The SEI listens and probes intently to study our sponsor’s wants, in order that our work gives a path to fixing vital synthetic intelligence (AI), software program engineering, and cybersecurity points. On this SEI 12 months in Evaluation, you’ll learn of some distinguished current outcomes that specific our loud and clear response:
- With funding and help by the Workplace of the Director of Nationwide Intelligence, the SEI is fostering a group to develop a self-discipline for AI engineering, to guarantee that AI-enabled techniques are scalable, strong and safe, and human-centered.

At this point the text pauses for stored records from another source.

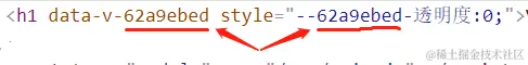 可以看到Vue把CSS变量也编译了一个和**data-v-**后面的那串随机字符一样的:
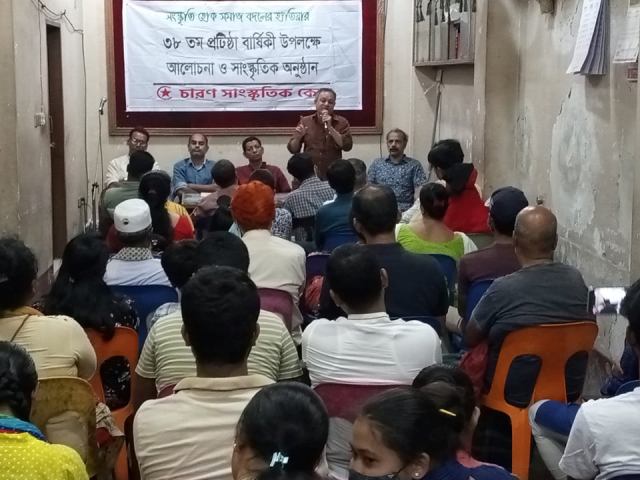 চারণ সাংস্কৃতিক কেন্দ্র নারায়ণগঞ্জ জেলা শাখার উদ্যোগে আজ বিকাল ৫:৩০ টায় ২ নং রেলগেটস্থ সংগঠনের কার্যালয়ে আলোচনাসভা অনুষ্ঠিত হয়। সংগঠনের জেলা আহŸায়ক প্রদীপ সরকারের সভাপতিত্বে সভায় বক্তব্য রাখেন বাসদ নারায়ণগঞ্জ জেলার আহŸায়ক ও চারণ সাংস্কৃতিক কেন্দ্রের কেন্দ্রীয় কমিটির সভাপতি নিখিল দাস, চারণের কেন্দ্রীয় সাধারণ সম্পাদক জাকির হোসেন, জেলার সদস্য সচিব জামাল হোসেন, সদস্য সেলিম আলাদীন প্রমুখ।
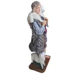 Shepherd with Lamb on Shoulders in Resin – 130 cm Series. This resin Nativity figure depicts a young shepherd with a gentle, slightly melancholic expression. He carries a lamb resting naturally on his shoulders, while another lamb stands beside his feet, looking up at him. The shepherd is barefoot and dressed in short brown trousers, a gray shirt, and a sheepskin cloak lined in red, enhancing the pastoral character of the figure. His light, wavy hair and downward gaze convey a sense of quiet tenderness and reflection. The lamb on his shoulders is positioned with natural ease, while the second lamb at his feet adds warmth and interaction to the scene. The pastoral style and carefully crafted details make this figure ideal for a traditional Nativity scene, where it expresses humility, care, and the gentle bond between shepherd and flock.
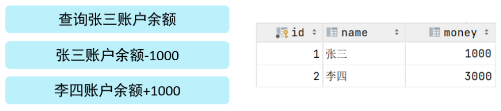 正常情况: 转账这个操作, 需要分为以下这么三步来完成 , 三步完成之后, 张三减少1000, 而李四增加1000, 转账成功 :
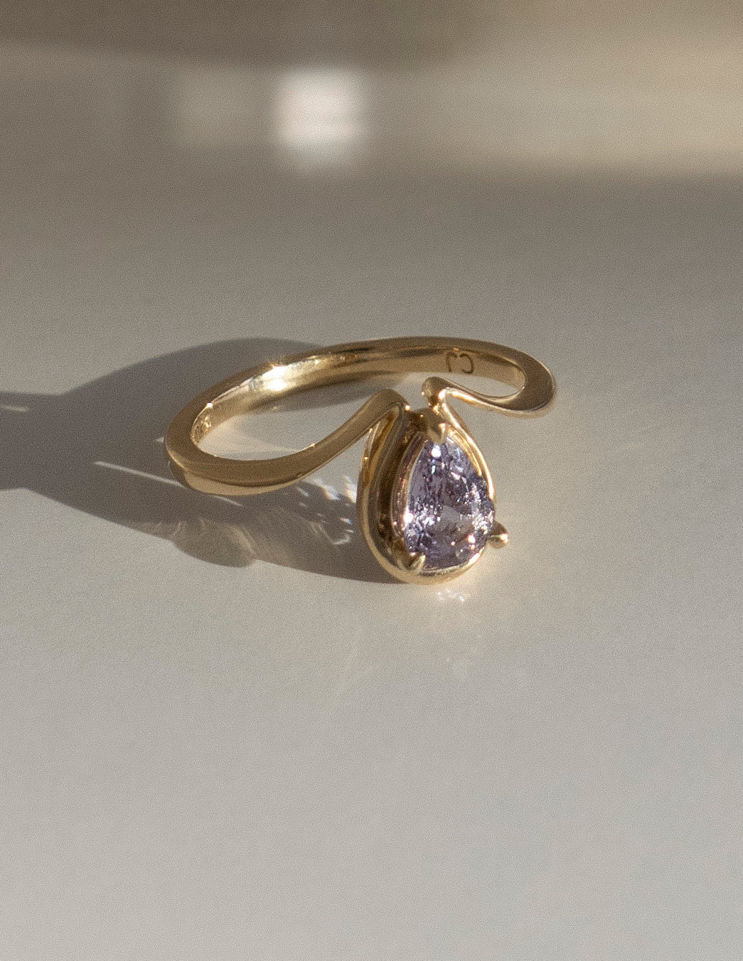 This one-of-a-kind ring features a rare and stunning natural pastel lavender sapphire set within Cadette's signature TALIA design: a fluid silhouette that emulates both a dew drop and budding flower; symbols of a radiant new beginning. Unlike any other, this unique Nature-inspired design makes a statement, while also being sleek and timeless with its minimally flowing lines that wrap around the sparkling pear sapphire.
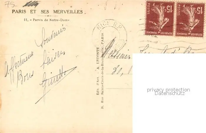 Paris Parvis de Notre Dame Paris postalisch gelaufen 1921-1965 Erhaltung siehe scans [LiesaD40] LiesID40
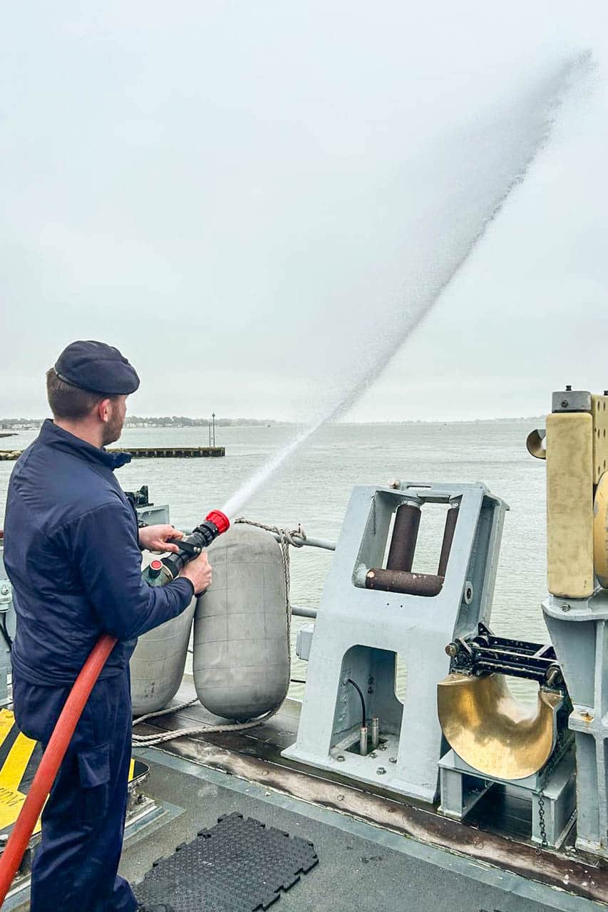 The crew also demonstrated how they tackle onboard fires and explained the safety procedures that keep everyone protected at sea and a lot of us enjoyed firing the water hose far out to sea whilst stood on the deck.
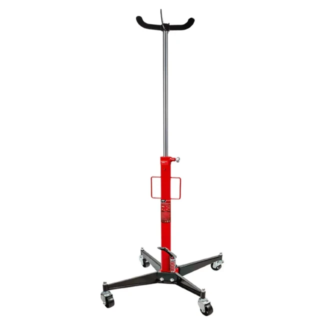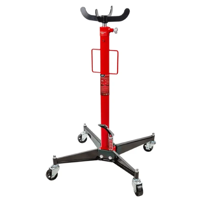 Стойка трансмиссионная гидравлическая, предназначена для безопасного и удобного монтажа и демонтажа автомобильных коробок передач (КПП), а также других тяжелых агрегатов. Подъемное устройство обеспечивает точное и дозированное позиционирование груза в пределах рабочего диапазона 760 мм, от минимальной высоты 1120 мм до максимальной 1880 мм. Грузоподъемность стойки составляет 600 кг. Конструкция включает четыре поворотных металлических колеса для маневренности и оснащена надежным гидравлическим механизмом подъема, управляемым ножным насосом, и ручным клапаном для контролируемого опускания. Для безопасности использования необходимо ослаблять винт при работе подъемного механизма. Стойка предназначена для применения на твердой, ровной поверхности в условиях автосервисов и ремонтных зон.
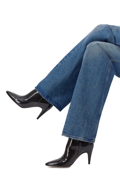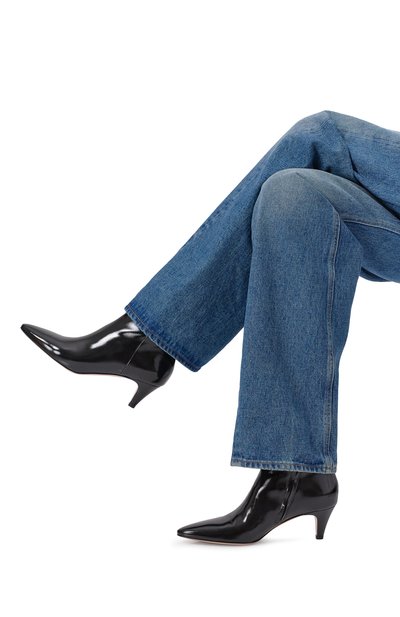 Ботильоны Jill из кожи ягненка застегиваются боковой молнией с брендированным пуллером. Конический каблук средней высоты украсили металлической монограммой Кассандра.
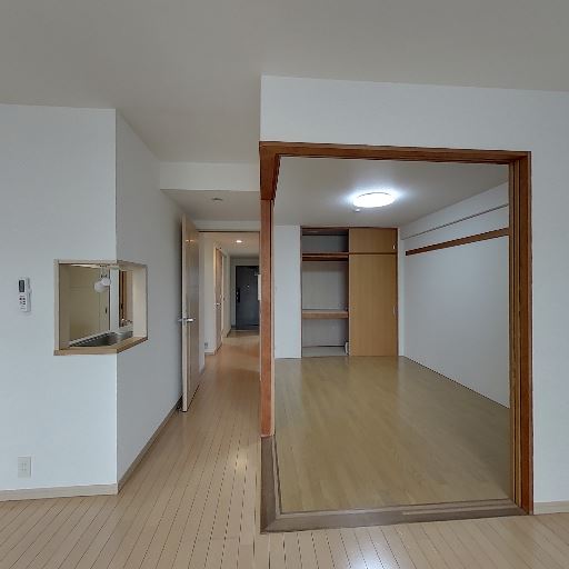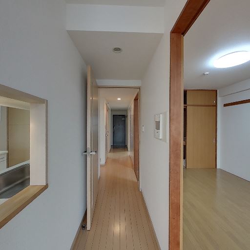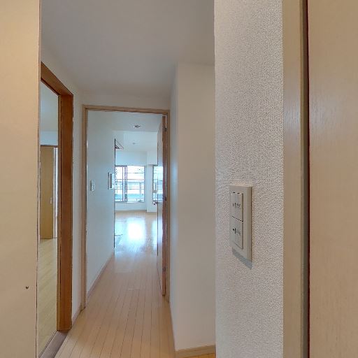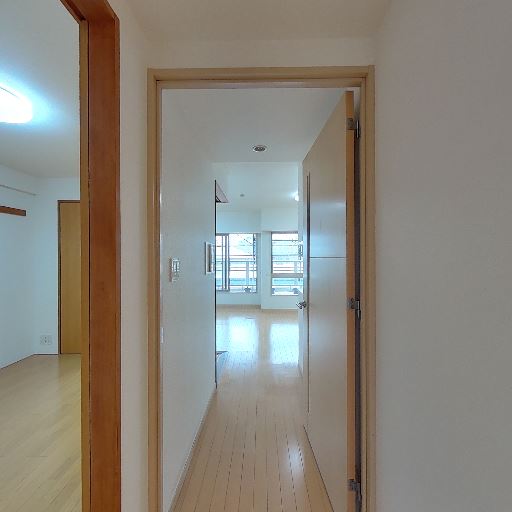 • 室内全体が明るめ(確度84%):奥の居室側に大きめの開口部が見え、廊下まで自然光が届いている。白い壁と明るい床材も相まって、空間全体が明るく見える。
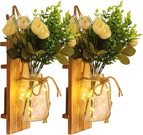 Dry, damp or wet location listed: Made from classic mason jars and string lights, this farmhouse wall sconce design features handmade appeal without the hassle. Wooden farmhouse decorative hanging signs. Find a pair of wall sconces or an. They're wonderful to use to offset additional decorative items you may have for your wall.
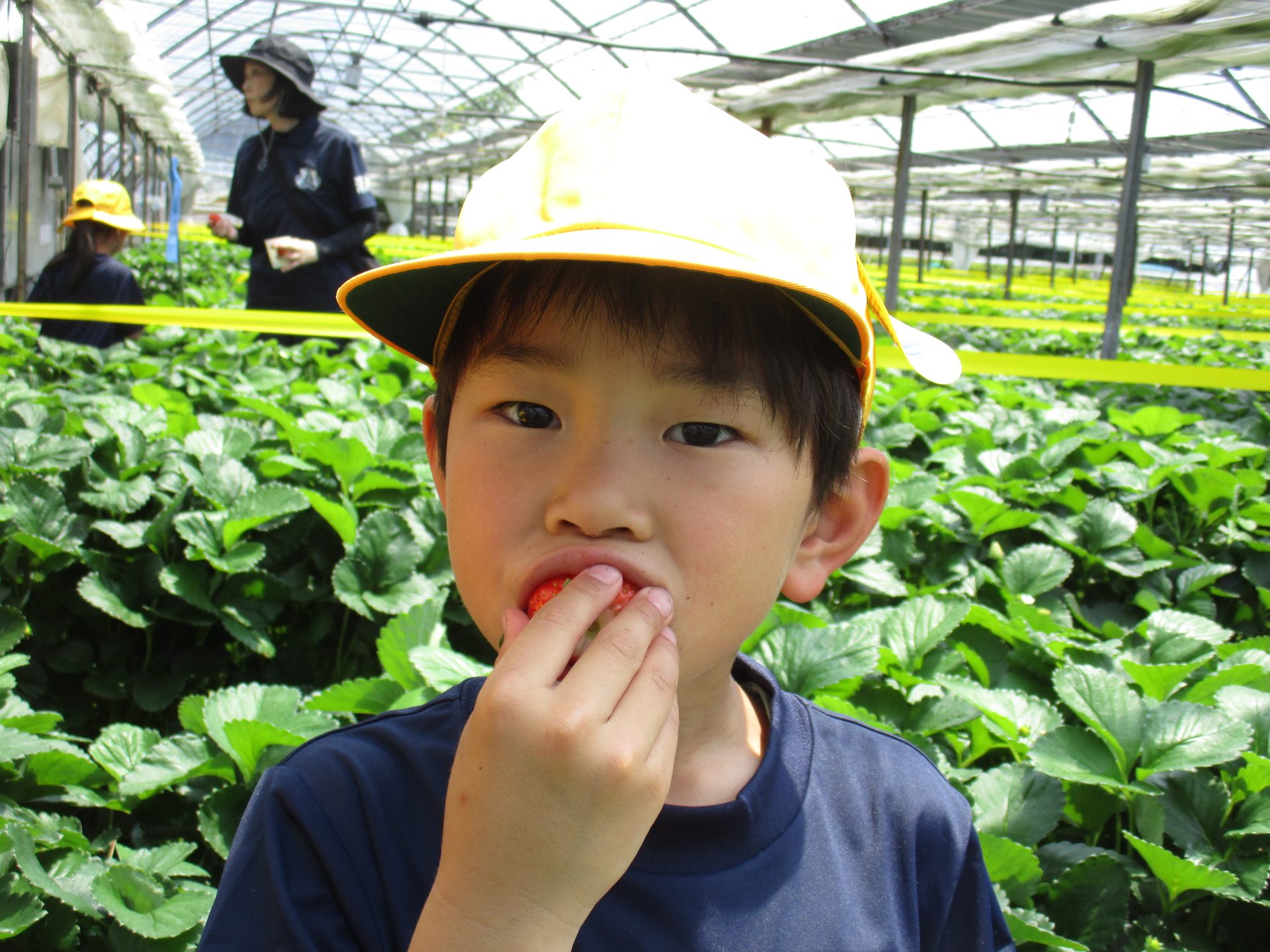 いちごの畝に実際に入り、いちごをいただきました!
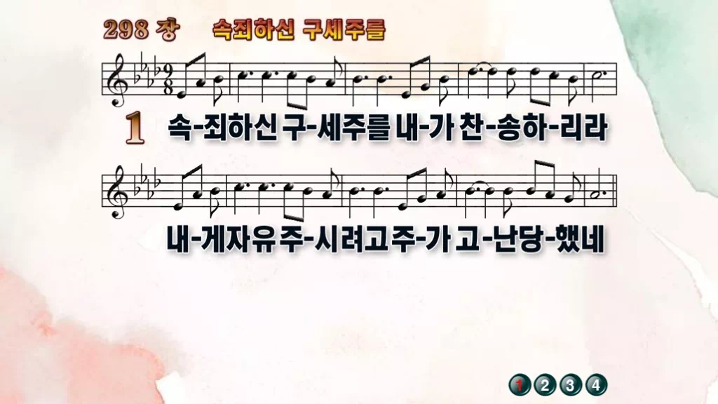 298장 - 속죄하신 구세주를 찬송가의 PPT 악보입니다.
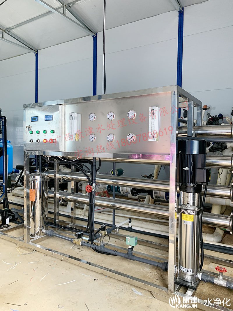 工藝流程:井水-增壓泵-石英砂過濾器-活性炭過濾器-精密過濾器-增壓泵-立式增壓泵-反滲透設備-凈水箱-變頻供水

- Having been on the forefront of software program engineering applied sciences and practices for many years, we’ve launched an effort to construct and lead a group that may type a nationwide agenda to architect the way forward for software program engineering and articulate a analysis roadmap.
Persevering with to carry collectively authorities and business, we launched the CERT/CC Vulnerability Data and Coordination Surroundings (VINCE) to extend the extent of direct collaboration between vulnerability reporters, coordinators, and software program distributors.
Obtain the SEI 12 months in Evaluation.
A State-Primarily based Mannequin for Multi-Get together Coordinated Vulnerability Disclosure (MPCVD)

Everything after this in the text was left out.